All samples were centrifuged at 3000 rpm for 10 min, and the supernatant was harvested for further testing. Influenza A viruses were identified by real-time reverse transcription PCR (real-time RT-PCR). Of these, positive samples of real-time RT-PCR were sent to the Chinese National Influenza Center (CNIC) for virus isolation.

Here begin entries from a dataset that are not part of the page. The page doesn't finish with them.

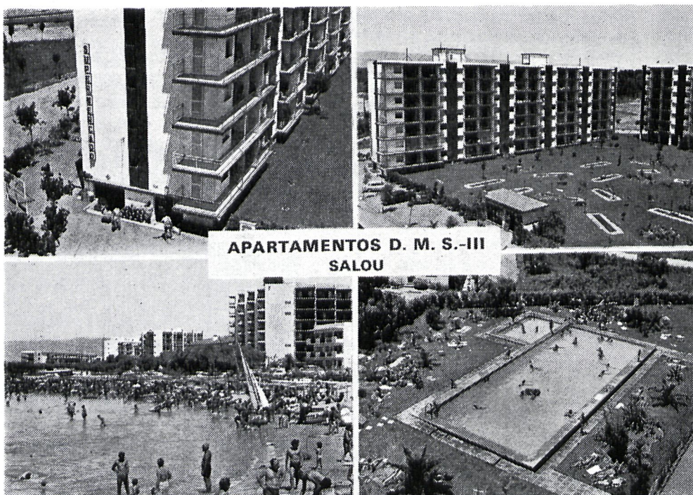
APARTAMENTOS D. M. S.-III SALOU
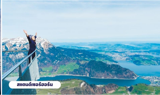
สแตนดาร์ดเซอร์ฮอร์น

เที่ยง ๑๐๑ บริการอาหารกลางวัน ณ ภัตตาคาร จากนั้นนำท่านเดินทางสู่ เมืองมิลาน (MILAN) ใช้เวลาเดินทางประมาณ 4 ชั่วโมง เมืองสำคัญในภาคเหนือของประเทศอิตาลี ตั้งอยู่ในแคว้นที่ราบลอมบาร์ดีเป็น เมืองที่มีชื่อเสียงในด้านแฟชั่นและศิลปะ ซึ่งมิลานถูกจัดให้เป็นเมืองแฟชั่นในลักษณะเดียวกับ นิวยอร์ก ปารีส ลอนดอน และ โรม
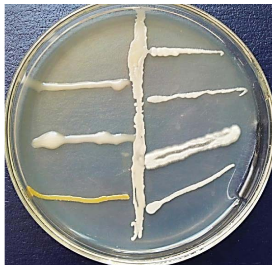
Рисунок 2 – Изучение биосовместимости азотфиксирующих и фосфатмобилизирующих бактерий: 1 - вертикальный штрих - фосфатмобилизирующие бактерии штамм Ф12; горизонтальные штрихи: справа - штаммы фосфатмобилизирующих бактерий; слева - штаммы азотфиксирующих бактерий №6, №22, №14
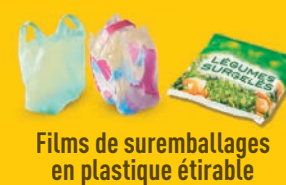
Films de suremballages en plastique étirable
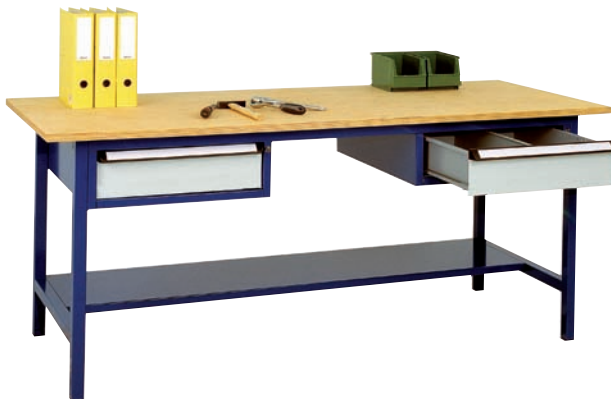
2 Schubladen H 150 mm, 1 Ablageboden T 400 mm
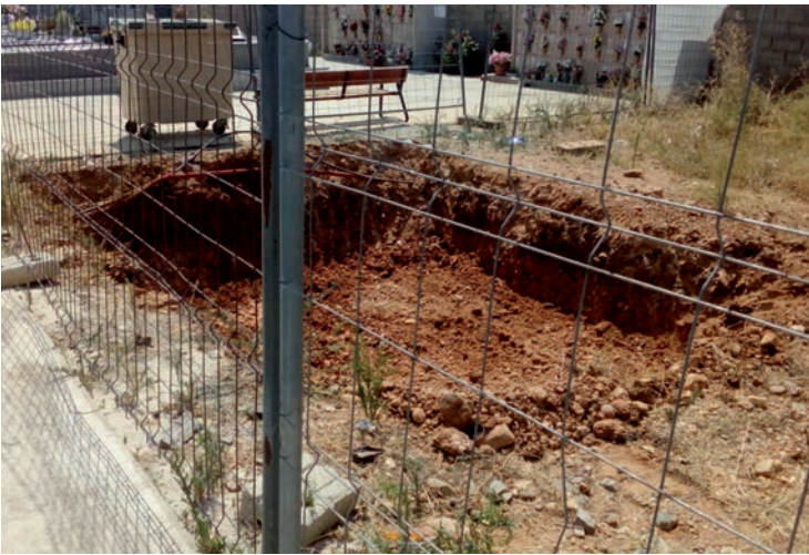
Los trabajos ya han comenzado

La intervención supone una inversión municipal total de 65.457,09 euros, y consiste, por un lado, en el acondicionamiento de media manzana en el campamento, incluyendo las calles de
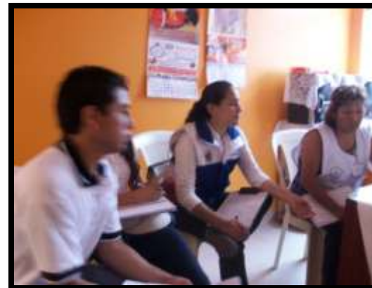
Reunión con presidente del Mercado El Progreso parcela 10721 y personal de la municipalidad
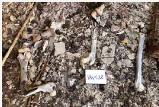
Ossos de vertebrados preservados após serem expostos ao incêndio / Vertebrate bones preserved after being exposed to fire.

Na segunda metade do século XX, a construção do prédio anexo Alípio de Miranda Ribeiro permitiu a realocação de parte do acervo de Zoologia para novas instalações, seguindo um planejamento institucional de ampliação e adequação dos espaços do Museu Nacional. Ao completar 200 anos em 2018, a quase totalidade das coleções de Vertebrados (exceto por exemplares que estavam na exposição) e parte dos acervos de Entomologia (uma pequena parcela, parte de Diptera) e de Invertebrados (cerca de 50%) encontravam-se em edificações próprias.
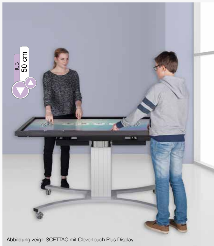
Abbildung zeigt: SCETTAC mit Clevertouch Plus Display
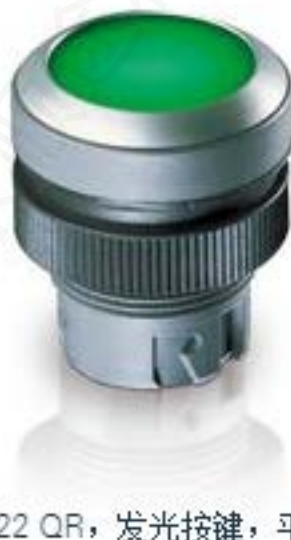
RAFIX 22 QR, 发光按键, 平灯罩, 圆形卡圈, 触感的, 前圈黑色, 灯罩白 色
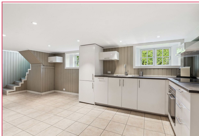
Leiligheten har både varmepumpe og peis.
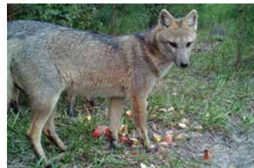
Figura 5 - registro através de armadilha fotográfica de Cerdocyon thous (Graxaim do mato).

Abaixo seguem alguns dos registros realizados:
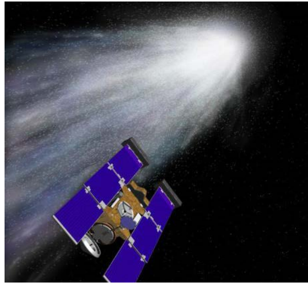
Artists concept of the stardust spacecraft flying through the gas and dust from comet Wild 2.

4/ Cái đuôi sao chổi mà tôi được nhìn thấy vào khoảng năm 1942-1943 cũng có đuôi cong chứ không thẳng tắp như khói thoát ra từ đuôi máy bay phản lực, trái với sao chổi Churyumov-Gerasimenko (67P) cũng gây nên một thắc mắc của tôi: vì sao đuôi sao chổi có cái cong, có cái thẳng?
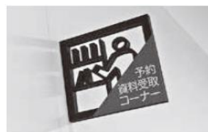
Símbolo del "Yoyaku Shiryou Uketori Corner"

2.2. Virus Isolation and Identification

Furthermore, 200 μL of the positive specimens, identified via real-time fluorescence quantitative PCR, were inoculated into 9- to 11-day-old specific-pathogen-free (SPF) embryonated chicken eggs. After incubation for 48–72 h at 37 °C and placement for 18 h at 4 °C, viruses were isolated from the allantoic fluids of eggs, and the presence of the virus was determined by a hemagglutinin (HA) assay using 1% turkey red blood cells (TRBCs). The subtypes of isolated viruses were identified via real-time RT-PCR and stored at −80 °C.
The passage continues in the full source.